Table of Contents

Class AutoencoderKL<T>

Namespace
AiDotNet.Diffusion.VAE
Assembly
AiDotNet.dll

KL-regularized Variational Autoencoder for latent diffusion models.

public class AutoencoderKL<T> : VAEModelBase<T>, IVAEModel<T>, IFullModel<T, Tensor<T>, Tensor<T>>, IModel<Tensor<T>, Tensor<T>, ModelMetadata<T>>, IModelSerializer, ICheckpointableModel, IParameterizable<T, Tensor<T>, Tensor<T>>, IFeatureAware, IFeatureImportance<T>, ICloneable<IFullModel<T, Tensor<T>, Tensor<T>>>, IGradientComputable<T, Tensor<T>, Tensor<T>>, IJitCompilable<T>

Type Parameters

T

The numeric type used for calculations.

Inheritance
AutoencoderKL<T>
Implements
IFullModel<T, Tensor<T>, Tensor<T>>
IModel<Tensor<T>, Tensor<T>, ModelMetadata<T>>
IParameterizable<T, Tensor<T>, Tensor<T>>
ICloneable<IFullModel<T, Tensor<T>, Tensor<T>>>
IGradientComputable<T, Tensor<T>, Tensor<T>>
Inherited Members
Extension Methods

Remarks

AutoencoderKL is the standard VAE architecture used in Stable Diffusion and other latent diffusion models. It compresses high-resolution images to a compact latent representation while maintaining perceptual quality through KL-regularization.

For Beginners: AutoencoderKL is the "image compressor" used by Stable Diffusion.

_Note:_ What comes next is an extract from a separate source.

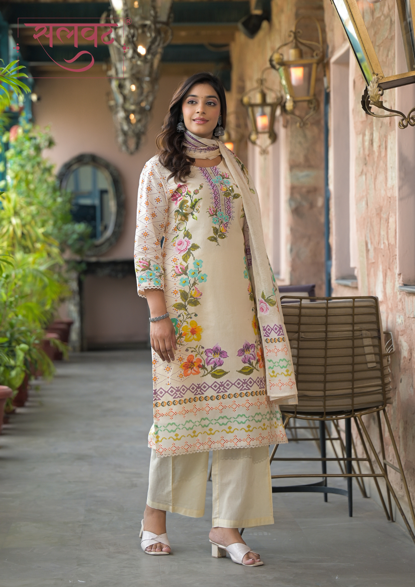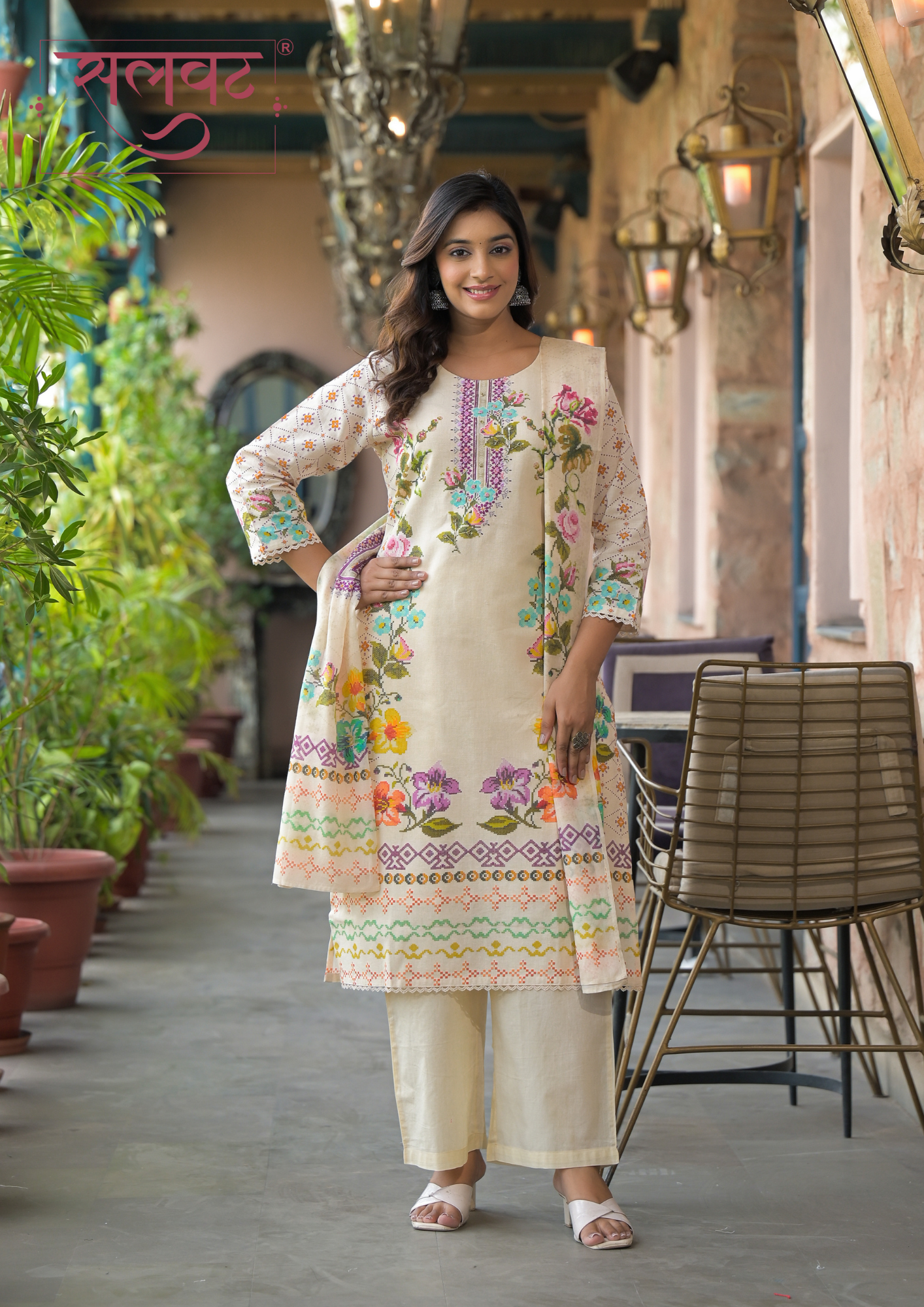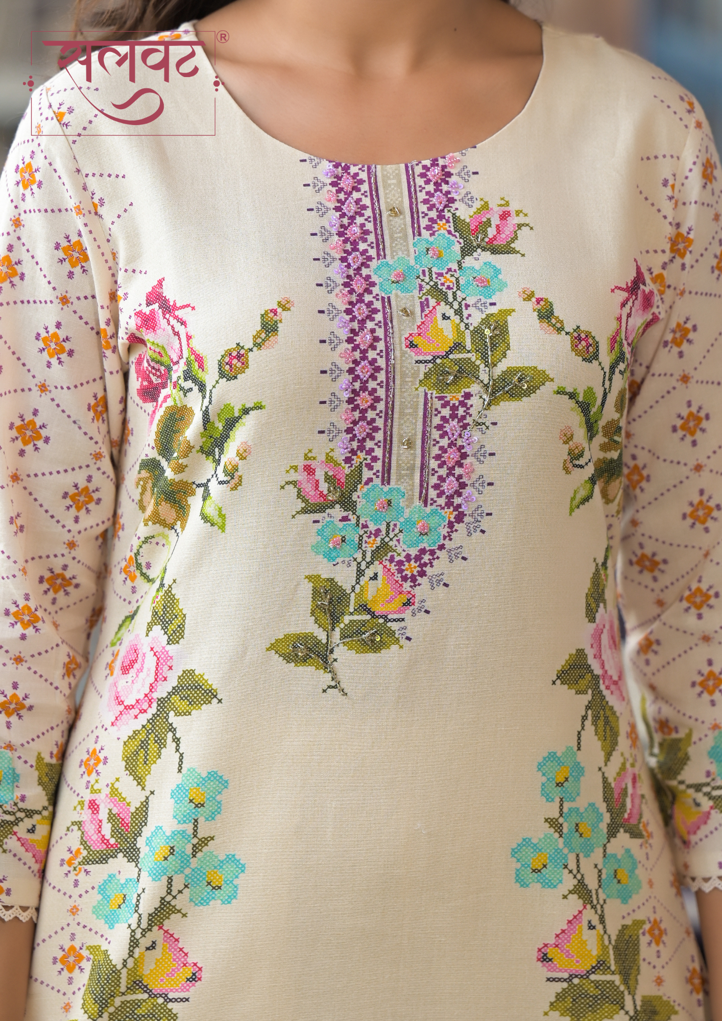Light Beige-Pink flowers chain stitch style digital printed kurta set with beads-sequins handwork on neck, lace on sleeves & kurta hemline with digital print dupatta.

Why use KL-regularized VAE?

  1. Compression: 512x512x3 image -> 64x64x4 latent (48x smaller!)
  2. KL-regularization: Keeps the latent space well-organized (Gaussian distribution)
  3. This organization makes diffusion work better in latent space

The "KL" in AutoencoderKL refers to Kullback-Leibler divergence, which measures how different the encoder's output distribution is from a standard normal. By minimizing KL divergence, we ensure the latent space is smooth and continuous.

Architecture:

    Image (512x512x3)
          │
          ├─→ VAEEncoder ─→ [mean, logvar] (64x64x8)
          │                        │
          │               Sample using reparameterization
          │                        │
          │                        ↓
          │              Latent z (64x64x4)
          │                        │
          │                 [Scale by 0.18215]
          │                        │
          │                        ↓
          │              Scaled latent (for diffusion)
          │                        │
          │                 [Unscale by 1/0.18215]
          │                        │
          │                        ↓
          │              Latent z (64x64x4)
          │                        │
          └────────────────→ VAEDecoder
                                   │
                                   ↓
                         Reconstructed Image (512x512x3)

Constructors

AutoencoderKL(int, int, int, int[]?, int, int, double?, int, ILossFunction<T>?, int?)

Initializes a new instance of the AutoencoderKL class with default Stable Diffusion configuration.

public AutoencoderKL(int inputChannels = 3, int latentChannels = 4, int baseChannels = 128, int[]? channelMults = null, int numResBlocks = 2, int numGroups = 32, double? latentScaleFactor = null, int inputSpatialSize = 512, ILossFunction<T>? lossFunction = null, int? seed = null)

Parameters

inputChannels int

Number of input image channels (default: 3 for RGB).

latentChannels int

Number of latent channels (default: 4).

baseChannels int

Base channel count (default: 128).

channelMults int[]

Channel multipliers per level (default: [1, 2, 4, 4]).

numResBlocks int

Number of residual blocks per level (default: 2).

numGroups int

Number of groups for GroupNorm (default: 32).

latentScaleFactor double?

Scale factor for latents (default: 0.18215).

inputSpatialSize int

Spatial size of input images (default: 512).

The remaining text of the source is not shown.